Close the gap: shift investments

13 March 2014

Once the negotiations move into a contact group, ECO can only hope that delegates will see finance as a central pillar of the 2015 package. Developed countries must show a record of year-by-year increases and projections of their continued increase towards 2020. Finance is instrumental to low global emissions and climate resilient development. A failure here will scupper any hopes for success in Paris.

South Africa has reminded everyone that the funding gap remains huge: trillions of investment dollars need to be shifted. All Parties, developed and developing, have parts to play in setting helpful policy frameworks and in adopting fiscal measures designed to make investors think about where their money is going. 

Providing public finance will remain key, too, such as support for adaptation in vital sectors like food production in poorer countries and mitigation in less developed countries. Parties will also have to leverage large volumes of private finance and shift investments much larger than the promised US$100 billion a year by 2020.

The debate over finance is part of the equity and adequacy debate. ECO suggests that the first pillar for developed countries is domestic emission cuts, and the second is the provisioning of finance. ECO can’t help but think that, when developed countries prepare initial offers for their nationally determined contributions, they would be well advised to keep the funding gap in mind, and ensure that their contributions are helping to close it. 
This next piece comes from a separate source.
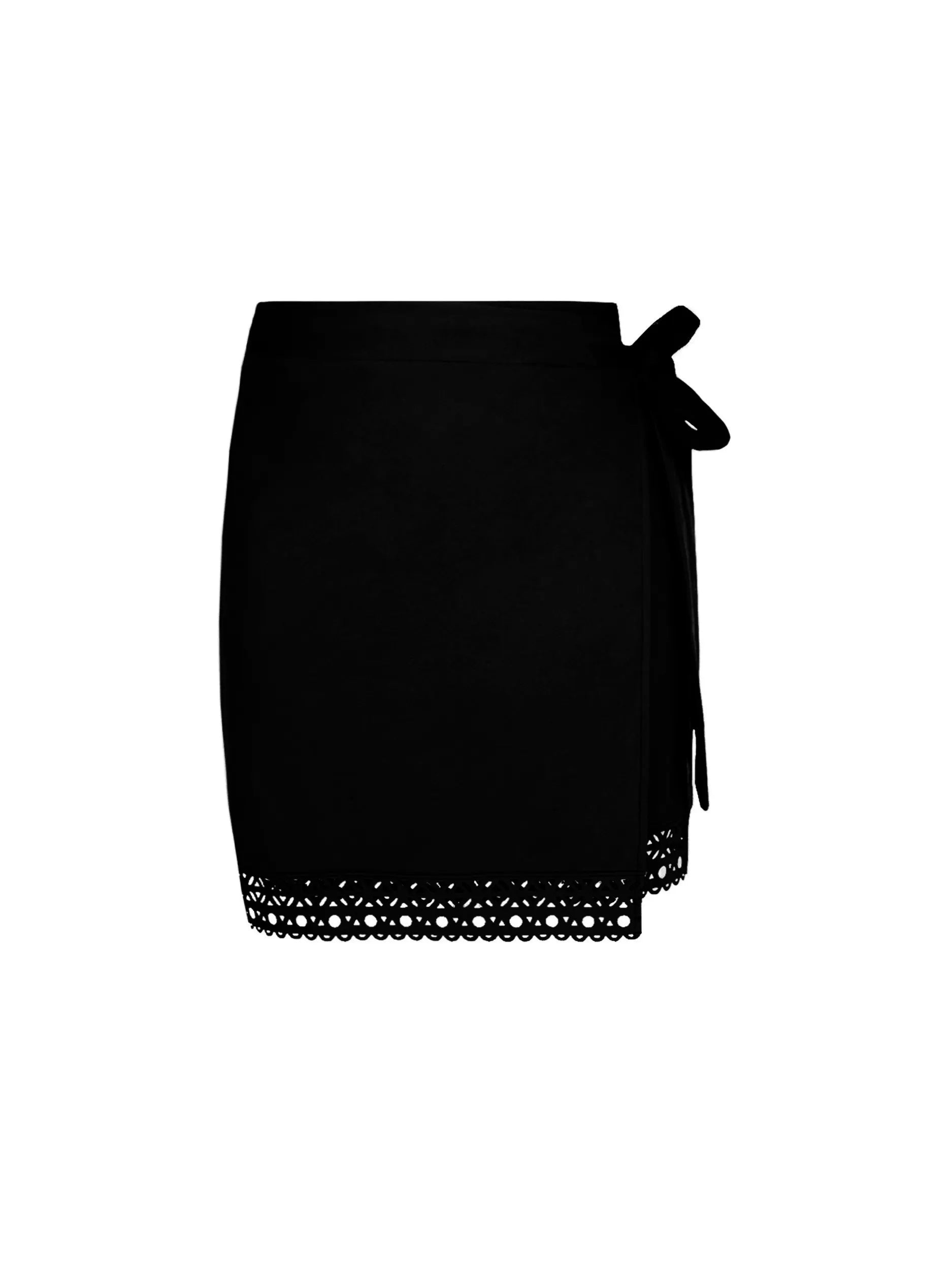 Wraparound sarong adorned with a delicate sheer band at the bottom.

Alongside ambitious offers for cutting their emissions, developed countries should also include information on what public finance they intend to provide now and beyond 2020. It’s also important that they note what strategies they will take to mobilise additional finance to shift global investments.

South Korea (speaking for the EIG) suggested that such contributions could be based on CBDR+RC, and be made by those countries in a position to do so. Developing countries could, when preparing their contributions, explain what finance (volume, instruments, etc.) they would need to go an extra mile beyond what they can do without support. 

ECO, like other observers, has of course noticed the unwillingness of some developed countries to even consider providing finance as part of their contributions to the 2015 deal. ECO wonders if this resistance illustrates a general unwillingness to hammer out a truly fair and equitable deal. We really would like to be convinced of the contrary here in Bonn.